Exactly and only the lines below from the one containing "Bustier blanc tout" down to the one containing "Es gibt mehrere" are wanted, both included; please exclude every picture.

== Supplied data

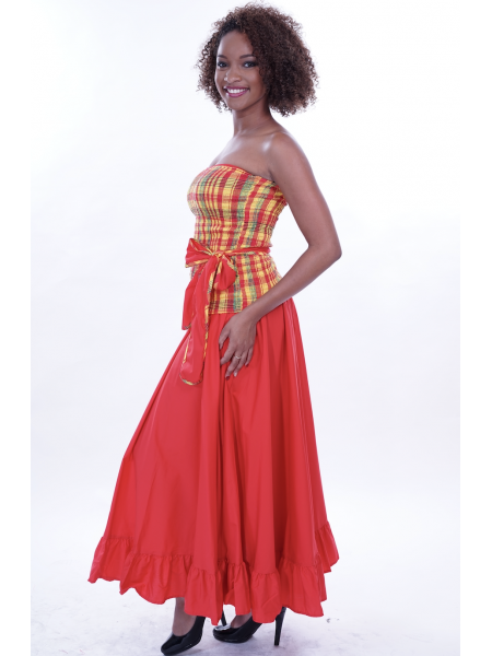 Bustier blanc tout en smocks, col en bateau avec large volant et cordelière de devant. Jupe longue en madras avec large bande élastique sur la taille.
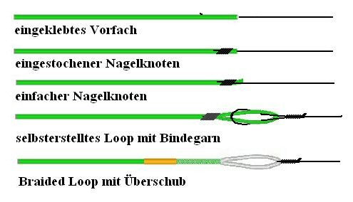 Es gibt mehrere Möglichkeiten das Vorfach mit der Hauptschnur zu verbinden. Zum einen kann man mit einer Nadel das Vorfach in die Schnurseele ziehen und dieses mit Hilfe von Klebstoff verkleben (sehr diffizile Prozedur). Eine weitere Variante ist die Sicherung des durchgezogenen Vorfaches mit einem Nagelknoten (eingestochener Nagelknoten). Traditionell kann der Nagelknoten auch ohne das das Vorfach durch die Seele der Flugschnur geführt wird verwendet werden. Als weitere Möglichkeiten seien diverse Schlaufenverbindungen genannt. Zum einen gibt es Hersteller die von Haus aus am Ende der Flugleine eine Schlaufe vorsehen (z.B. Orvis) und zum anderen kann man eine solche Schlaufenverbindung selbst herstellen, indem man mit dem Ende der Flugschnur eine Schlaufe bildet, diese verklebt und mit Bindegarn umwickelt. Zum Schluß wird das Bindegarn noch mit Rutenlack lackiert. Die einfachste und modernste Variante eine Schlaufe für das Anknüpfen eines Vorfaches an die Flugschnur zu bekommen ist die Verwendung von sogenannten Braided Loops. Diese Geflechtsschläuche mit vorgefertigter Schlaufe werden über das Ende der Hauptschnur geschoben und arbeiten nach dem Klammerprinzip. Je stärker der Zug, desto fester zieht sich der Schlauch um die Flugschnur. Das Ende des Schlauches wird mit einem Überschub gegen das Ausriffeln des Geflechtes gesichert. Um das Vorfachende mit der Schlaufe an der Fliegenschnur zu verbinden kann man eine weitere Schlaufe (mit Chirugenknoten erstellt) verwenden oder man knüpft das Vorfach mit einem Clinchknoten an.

====
== Supplied data

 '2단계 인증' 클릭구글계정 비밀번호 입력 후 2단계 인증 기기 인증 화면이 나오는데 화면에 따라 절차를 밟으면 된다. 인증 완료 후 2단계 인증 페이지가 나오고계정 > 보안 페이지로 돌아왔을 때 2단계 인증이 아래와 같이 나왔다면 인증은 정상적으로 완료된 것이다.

====

Solution >>
 Bustier blanc tout en smocks, col en bateau avec large volant et cordelière de devant. Jupe longue en madras avec large bande élastique sur la taille.
 Es gibt mehrere Möglichkeiten das Vorfach mit der Hauptschnur zu verbinden. Zum einen kann man mit einer Nadel das Vorfach in die Schnurseele ziehen und dieses mit Hilfe von Klebstoff verkleben (sehr diffizile Prozedur). Eine weitere Variante ist die Sicherung des durchgezogenen Vorfaches mit einem Nagelknoten (eingestochener Nagelknoten). Traditionell kann der Nagelknoten auch ohne das das Vorfach durch die Seele der Flugschnur geführt wird verwendet werden. Als weitere Möglichkeiten seien diverse Schlaufenverbindungen genannt. Zum einen gibt es Hersteller die von Haus aus am Ende der Flugleine eine Schlaufe vorsehen (z.B. Orvis) und zum anderen kann man eine solche Schlaufenverbindung selbst herstellen, indem man mit dem Ende der Flugschnur eine Schlaufe bildet, diese verklebt und mit Bindegarn umwickelt. Zum Schluß wird das Bindegarn noch mit Rutenlack lackiert. Die einfachste und modernste Variante eine Schlaufe für das Anknüpfen eines Vorfaches an die Flugschnur zu bekommen ist die Verwendung von sogenannten Braided Loops. Diese Geflechtsschläuche mit vorgefertigter Schlaufe werden über das Ende der Hauptschnur geschoben und arbeiten nach dem Klammerprinzip. Je stärker der Zug, desto fester zieht sich der Schlauch um die Flugschnur. Das Ende des Schlauches wird mit einem Überschub gegen das Ausriffeln des Geflechtes gesichert. Um das Vorfachende mit der Schlaufe an der Fliegenschnur zu verbinden kann man eine weitere Schlaufe (mit Chirugenknoten erstellt) verwenden oder man knüpft das Vorfach mit einem Clinchknoten an.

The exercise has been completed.